Source data:
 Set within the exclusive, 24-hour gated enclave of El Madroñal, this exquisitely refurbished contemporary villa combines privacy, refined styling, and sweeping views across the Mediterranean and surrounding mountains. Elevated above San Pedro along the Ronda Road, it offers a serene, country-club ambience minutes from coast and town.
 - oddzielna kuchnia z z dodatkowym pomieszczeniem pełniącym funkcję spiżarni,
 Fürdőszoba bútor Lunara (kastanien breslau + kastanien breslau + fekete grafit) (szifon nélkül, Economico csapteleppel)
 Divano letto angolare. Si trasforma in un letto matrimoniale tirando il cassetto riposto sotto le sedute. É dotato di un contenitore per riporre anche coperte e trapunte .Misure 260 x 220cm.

--

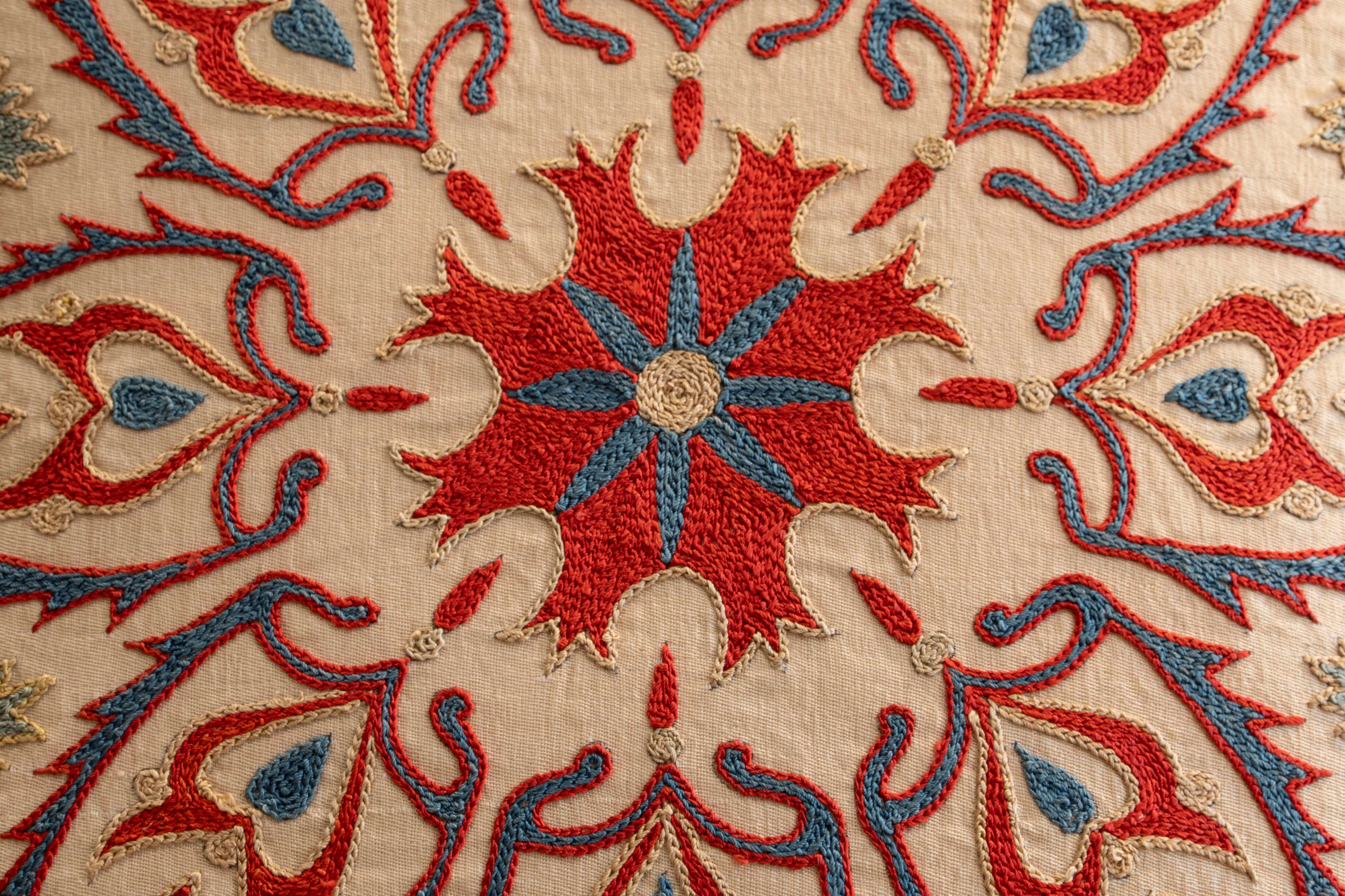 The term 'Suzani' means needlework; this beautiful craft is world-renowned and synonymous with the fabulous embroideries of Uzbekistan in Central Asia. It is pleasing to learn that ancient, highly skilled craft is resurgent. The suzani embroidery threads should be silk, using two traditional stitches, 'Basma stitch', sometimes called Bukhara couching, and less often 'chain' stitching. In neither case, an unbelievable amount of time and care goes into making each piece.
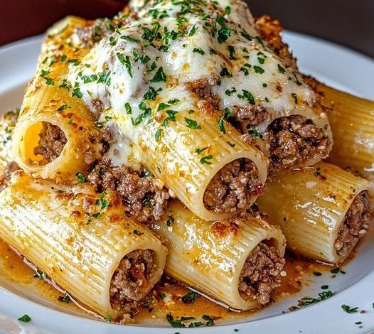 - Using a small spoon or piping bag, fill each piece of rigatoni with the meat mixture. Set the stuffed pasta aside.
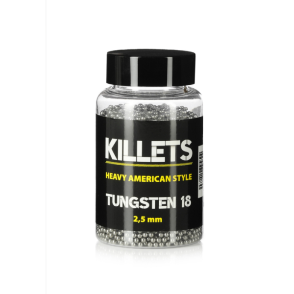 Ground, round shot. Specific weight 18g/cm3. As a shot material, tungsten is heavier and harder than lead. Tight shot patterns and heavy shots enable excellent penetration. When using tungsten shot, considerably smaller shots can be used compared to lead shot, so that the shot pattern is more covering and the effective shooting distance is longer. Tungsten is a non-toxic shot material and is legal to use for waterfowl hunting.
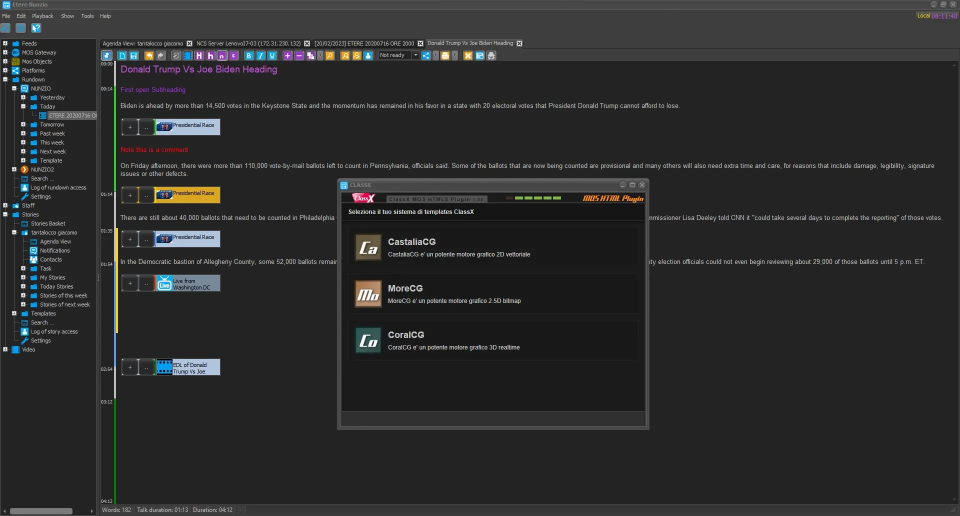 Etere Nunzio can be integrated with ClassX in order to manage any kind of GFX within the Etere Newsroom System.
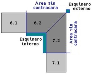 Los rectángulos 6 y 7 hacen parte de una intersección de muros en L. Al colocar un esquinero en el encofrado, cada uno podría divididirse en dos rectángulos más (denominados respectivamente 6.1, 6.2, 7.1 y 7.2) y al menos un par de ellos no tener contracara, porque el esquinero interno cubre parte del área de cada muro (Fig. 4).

--

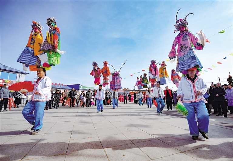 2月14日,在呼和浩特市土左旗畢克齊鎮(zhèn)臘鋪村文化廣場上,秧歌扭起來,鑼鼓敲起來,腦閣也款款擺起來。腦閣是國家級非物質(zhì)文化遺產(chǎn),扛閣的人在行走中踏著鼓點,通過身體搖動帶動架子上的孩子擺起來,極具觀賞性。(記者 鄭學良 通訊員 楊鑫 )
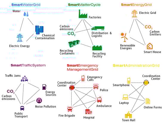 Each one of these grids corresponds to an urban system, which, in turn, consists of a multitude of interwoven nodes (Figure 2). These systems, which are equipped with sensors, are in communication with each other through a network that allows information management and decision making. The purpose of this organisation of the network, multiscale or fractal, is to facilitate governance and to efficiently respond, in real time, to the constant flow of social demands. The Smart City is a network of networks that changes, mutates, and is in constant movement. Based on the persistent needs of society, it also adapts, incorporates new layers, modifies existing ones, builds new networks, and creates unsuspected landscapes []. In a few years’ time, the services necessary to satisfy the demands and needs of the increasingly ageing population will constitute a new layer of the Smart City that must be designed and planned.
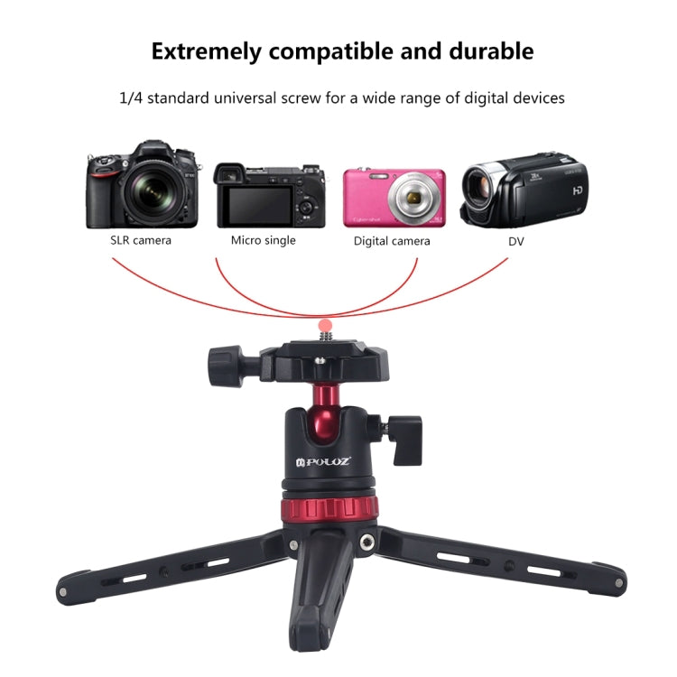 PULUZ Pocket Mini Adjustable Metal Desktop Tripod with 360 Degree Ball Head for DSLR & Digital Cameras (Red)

Required action: Among the lines above, find the one with "Fürdőszoba bútor Lunara" and the one with "Divano letto angolare.". Quote both and everything between them, exactly.

Output for this task:
 Fürdőszoba bútor Lunara (kastanien breslau + kastanien breslau + fekete grafit) (szifon nélkül, Economico csapteleppel)
 Divano letto angolare. Si trasforma in un letto matrimoniale tirando il cassetto riposto sotto le sedute. É dotato di un contenitore per riporre anche coperte e trapunte .Misure 260 x 220cm.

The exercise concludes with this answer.